Kung Pao Chicken Bowl
Kung Pao Chicken Bowl
Makes 5 Servings
1 Serving(93g Meat/peanuts and 190g Veggies): 497 Calories, 35g Fats, 9g Carbs, 33g Protein
Start to table time: 35 Mins NOT including marinating
Chicken:
1lb chicken thighs, cut into bite sized pieces
2 Tbsp soy sauce
2 Tbsp rice wine vinegar
1 Tbsp olive oil
1 tsp ground ginger
OPTIONAL: 1 tsp chili paste
Sauce:
¼ Cup soy sauce
½ Cup chicken broth
2 Tbsp rice wine vinegar
2 Tbsp sesame seed oil
4-5 Tbsp Brown Swerve/Golden Lakanto or plain monkfruit/erythritol
½ tsp ground ginger
½ sp garlic powder
OPTIONAL: 1 Tbsp chili paste for spiciness
Veggie Bowl:
¼ Cup olive oil
1 Cup chopped green bell pepper (165g)
1 Cup chopped red bell pepper (145g)
5oz green beans, chopped
16oz cabbage, shredded
2 Tbsp fresh ginger, minced
4 cloves garlic, minced
1 Tbsp sesame seeds
½ Cup peanuts
Directions:
1. In a large Ziplock bag place the chicken and the chicken marinade ingredients and SHAKE well to mix. Massage the marinade into the meat and refrigerate for a min of 20 mins or up to 3 days.

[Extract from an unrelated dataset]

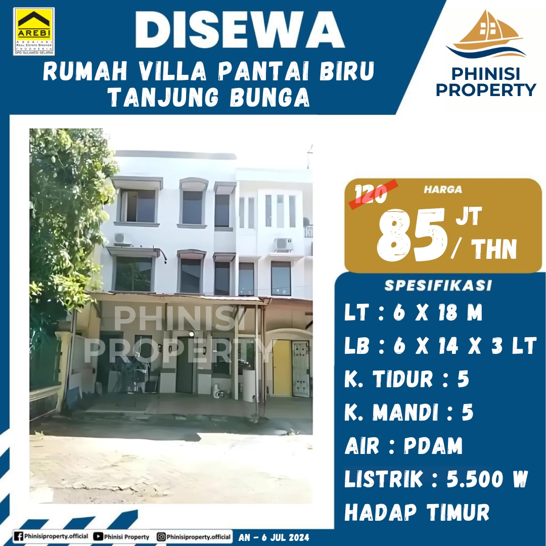 Sewa rumah modern dan mewah dengan rumah di Villa Pantai Biru, Tanjung Bunga. Berlokasi di salah satu area paling eksklusif di Makassar, properti ini menawarkan kenyamanan dan gaya hidup modern. Rumah ini berdiri di atas lahan seluas 6x18 meter persegi, atau 108 meter persegi, dan luas bangunannya 6x14 meter persegi, setara dengan 84 meter persegi. Rumah ini terdiri dari 3 lantai dan memiliki 5 kamar tidur serta 5 kamar mandi, menjadikannya ideal untuk keluarga besar atau digunakan sebagai kantor. Dilengkapi dengan daya listrik 5500 watt dan pasokan air PDAM yang andal, rumah ini siap huni. Menghadap ke arah timur, properti ini mendapatkan pencahayaan alami yang baik di pagi hari. Jangan lewatkan kesempatan untuk menyewa hunian eksklusif ini di lokasi yang sangat strategis.

2. In a large sauce pan bring the sauce ingredients to a boil. Allow it to boil for 3-5 mins while whisking to thin the sauce. Then set to simmer.
3. Heat a large skillet over medium high heat then add the chicken in. Allow to sear for 5 mins then toss and sear for another 6 mins. Add the peanuts in and sear for 2 mins. Pour in ½ the sauce. Then reduce heat to a simmer.
4. In the same pan you cooked the chicken in heat the olive oil for the veggie bowl over medium high heat. Add in the garlic and ginger and sauté for 1 min. Then add in the bell peppers and remaining ingredients and the remainder of the sauce and toss. Simmer for 3 mins. Divide into 5 bowls equally and top with chicken mixture.
Tips:
1. For vegetarians substitute chicken with 3/4lb cubed tofu. Macros: 421 Calories, 32g Fats, 12g Carbs, 20g Protein.